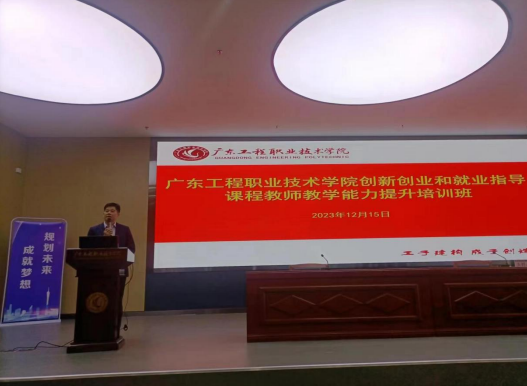 为加强“专创融合”示范课程建设,提升双创教育和就业指导课程教师的教学能力和教学质量,认真备战首届全国大学生职业规划大赛和中国国际大学生创新大赛(2024),12月14至15日,我校分别在广州校区和省职教城(清远)校区举办了创新创业和就业指导课程教师教学能力提升培训班。创新创业学院院长黎惠生、副院长兼教研室主任何杰文,广州华学教育科技有限公司总经理李显意,学校各二级学院党委副书记、辅导员,《创新创业基础》《就业与创业指导》和《职业生涯规划教育》三门课程的全体授课老师以及部分学生创业团队负责人参加了学习培训。
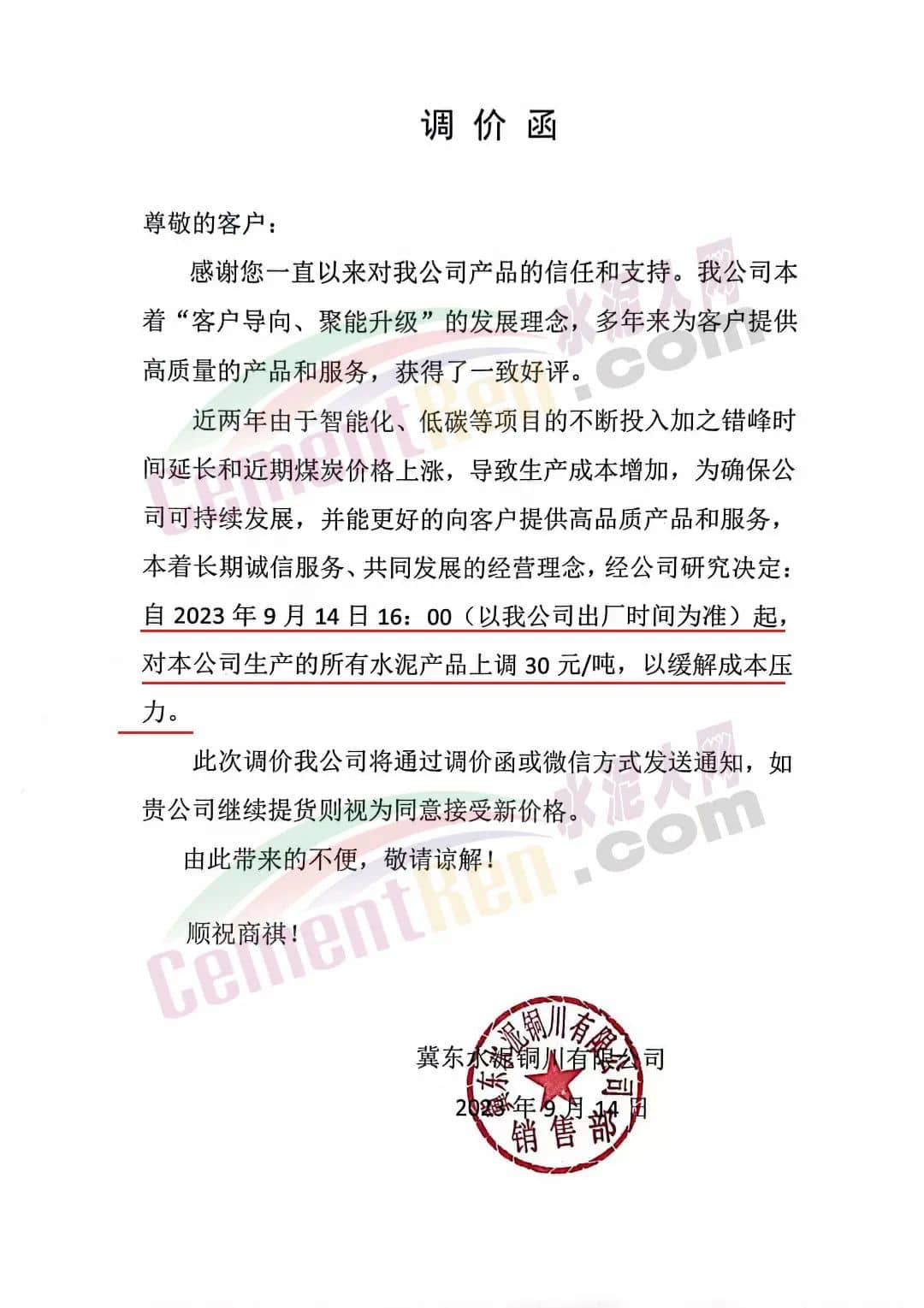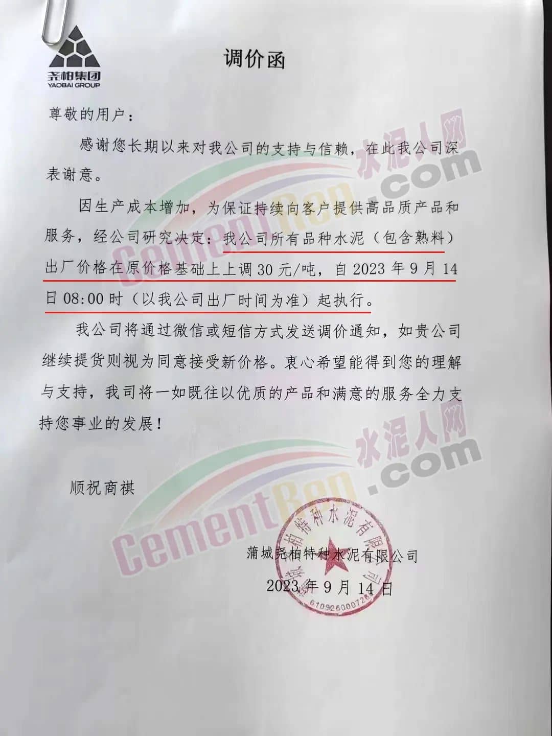 蒲城堯柏水泥通知,因生產(chǎn)成本增加,為保證持續(xù)向客戶提供高品質(zhì)產(chǎn)品和服務(wù),經(jīng)公司研究決定,所有品種水泥 (包含熟料)出廠價(jià)格在原價(jià)格基礎(chǔ)上上調(diào)30元/噸,自2023 年9月14日8時(shí)起執(zhí)行。
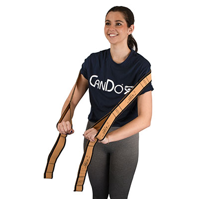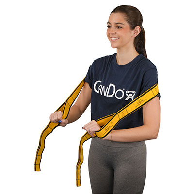 The CanDo Multi-Grip Exerciser is designed to provide unlimited exercise options to users who want to do various high impact performance exercises. Each exerciser contains both large and small loops that are easy to grip. Use the small loops as an anchor or for finger exercises. Use the larger loops around the hands and feet to perform high impact upper and lower body exercises. Easily change resistance by moving 1 loop up or down the exerciser, or using a different resistance progressively exercise with 8 different color-coded resistance levels. The CanDo Multi-Grip Exerciser is made of an unscented cloth that can be washed and dried. It does not contain latex or a powder coating. This exerciser measures six feet in length and has 9 large loops. It is XXX-Heavy in resistance and is gold in color.
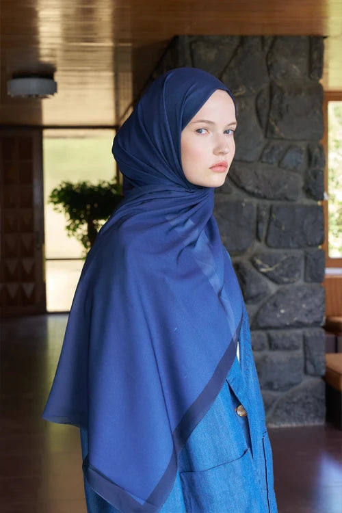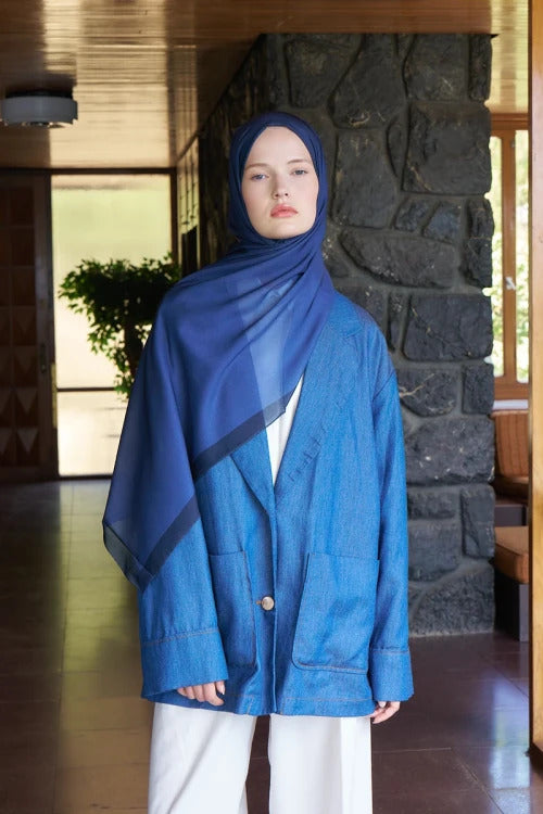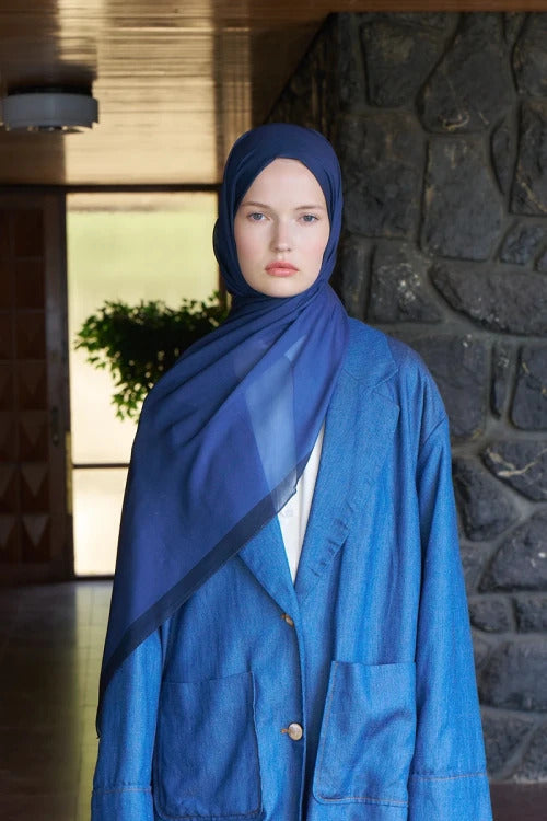 Fransız İpeği Degrade Desen Şal - Lacivert
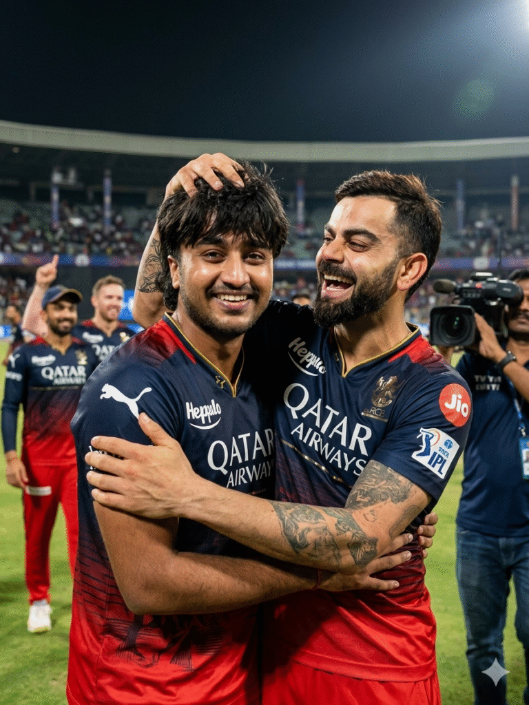 polland 18 years old young man celebrating an IPL match victory. Kohli, on the right, is laughing joyfully-and playfully messing up a young man hair while hugging him. A young man with dark shaggy hair, is smiling brightly. Both are wearing the navy blue and red Royal Challengers Bangalore (RCB) jersey with the; Qatar Airways logo visible and looking towards the camera.

===============

### Instructions for the task
If the records contain pictures, skip them, and transcribe exactly every line from the one with "Fransız İpeği Degrade Desen Şal - Lacivert" through the last line.

### Solution to this problem
 Fransız İpeği Degrade Desen Şal - Lacivert
 polland 18 years old young man celebrating an IPL match victory. Kohli, on the right, is laughing joyfully-and playfully messing up a young man hair while hugging him. A young man with dark shaggy hair, is smiling brightly. Both are wearing the navy blue and red Royal Challengers Bangalore (RCB) jersey with the; Qatar Airways logo visible and looking towards the camera.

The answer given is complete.